Hitachi Unveils Roving Security Robot

Hitachi is working on an R2D2-like security robot on wheels that can map out its surroundings using infrared sensors and a camera to detect missing items, suspicious packages and intruders.

The 22-inch tall robot, which looks like a trash can and is reminiscent of the small, beeping robot in "Star Wars," has a swiveling camera that protrudes like a periscope, enabling it to watch for suspicious changes in the landscape and send photos to a guard, Hitachi said Tuesday.

The Japanese electronics maker has no commercial product plans so far but believes the roving robot, which can figure out the best route to a spot on its own, is better than the stationary cameras now common for security, researcher Toshio Moriya said.

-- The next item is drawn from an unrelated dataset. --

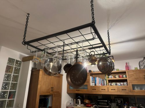 מתלה סירים במראה תעשייתי בשילוב אלמנט לתליית כוסות יין. עשוי פרופיל 20/20 מ”מ משולב עם ברזל מלא 10/10 מ”מ וברזל עגול בקוטר 6 מ”מ. תלייה באמצעות שרשראות ברזל. מידות: 90/90 ס”מ. ניתן לקבל בכל מידה רצויה

The prototype, which has a laptop aboard with a wireless connection, still has plenty of hurdles to clear, such as prolonging battery life, company officials said. And it can't dodge obstacles or recognize things smaller than a coke bottle.

Tokyo-based Hitachi didn't even show the robot to reporters, saying it was being upgraded. Shown instead were video clips of the machine scuttling around an office like a vacuum cleaner.

Various universities and companies, including Japanese automaker Honda Motor Co., have created and displayed robots that recognize its location and movements.

But many such robots require marks on the floor to pick up on its cameras. Another way robots figure out where they are is by global position system, using satellites.